Ivy posa les roses sur la banquette arrière. Tristan descendit de la voiture et en fit le tour pour lui ouvrir la portière.

— Est-ce que tu vas pouvoir marcher avec ces chaussures ? lui demanda-t-il en baissant les yeux vers ses pieds.

Elle fit un essai, mais ses talons hauts s’enfoncèrent aussitôt dans le sol boueux. Tristan la soutint sous les bras et elle éclata de rire.

— Je vais te porter, lui dit-il.

— Non, tu vas me laisser tomber !

— Pas avant d’être arrivé, lui répondit-il en la soulevant sur son épaule comme un sac de pommes de terre.

Riant toujours aux éclats, Ivy lui martela le dos.

— Mes cheveux ! Mes cheveux ! Pose-moi tout de suite !

Il obéit. Lentement, il la laissa glisser devant lui, tout contre lui, tandis que sa jupe se soulevait et que ses cheveux tombaient en cascade sur ses épaules.

— Ivy.

Il la serrait tant qu’elle sentit les frissons qui lui traversaient le corps.

— Ivy ? murmura-t-il.

Elle pressa sa bouche entrouverte contre son cou. D’un seul mouvement, ils tendirent la main vers la poignée et tirèrent la portière vers eux.

 

— Je n’aurais jamais pensé que la banquette arrière d’une voiture puisse être aussi romantique, dit Ivy en s’y adossant.

Elle sourit à Tristan, puis baissa les yeux vers les détritus amoncelés par terre.

— Tu pourrais peut-être enlever ta cravate de ce vieux gobelet.

Avec une moue de dégoût, Tristan attrapa la tasse Burger King dégoulinante et la jeta à l’avant. Puis il se rassit à côté d’Ivy.

— Ouh !

L’odeur de fleurs broyées emplit l’habitacle. Ivy éclata de rire.

— Qu’est-ce qu’il y a de si drôle ? lui demanda Tristan en sortant des roses écrasées de derrière son dos.

Il riait, lui aussi.

— Et si quelqu’un passait par là et remarquait le signe « Clergé » que ton père a collé sur le pare-chocs ?

Tristan jeta les fleurs sur le siège avant et attira Ivy à lui de nouveau. Il suivit du doigt la bretelle en soie de son caraco et lui embrassa tendrement l’épaule.

— Je leur dirais que j’étais avec un ange.

— Quel esprit !

— Ivy, je t’aime, murmura Tristan, soudain sérieux. Ivy le regarda, interdite.

— Je ne joue pas, reprit Tristan.
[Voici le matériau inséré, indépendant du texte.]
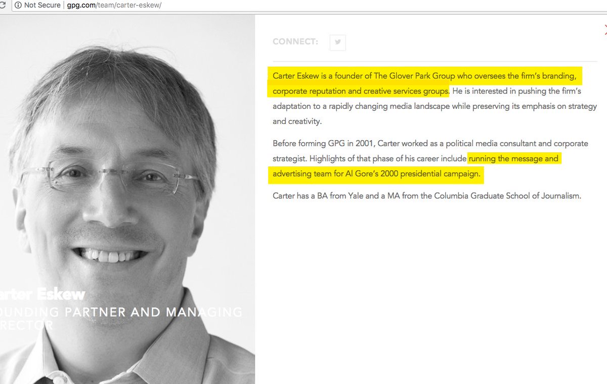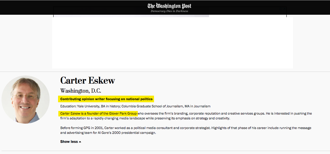 Indeed, not only does the Washington Post employ Ed Rogers, it also employs Carter Eskew, Founder and Managing Director of Glover Park, one of the biggest (if not the biggest) Saudi lobbyists, who still refuse to sever ties. How can the Wash Post keep them??? Just look: pic.twitter.com/tJqIjFUNBA

Je t’aime, Ivy Lyons, et un jour, tu me croiras.

Ivy l’enlaça et le serra fort contre elle.

— Moi aussi, Tristan Carruthers, souffla-t-elle dans son cou.

Ivy croyait Tristan et lui faisait confiance comme à personne. Viendrait le moment où elle aurait le courage de le dire tout haut : « Je t’aime, Tristan. » Elle le crierait par les fenêtres. Elle tendrait une banderole d’un bout à l’autre de la piscine.

Ils se redressèrent, réajustèrent leurs vêtements et repassèrent à l’avant. Ivy se remit à rire. Tristan la regarda en souriant tandis qu’elle essayait, en vain, de dompter sa toison de cheveux blonds. Ils redémarrèrent. La voiture cahota par-dessus les pierres et dans les ornières. Une fois parvenu sur la petite route étroite, Tristan accéléra.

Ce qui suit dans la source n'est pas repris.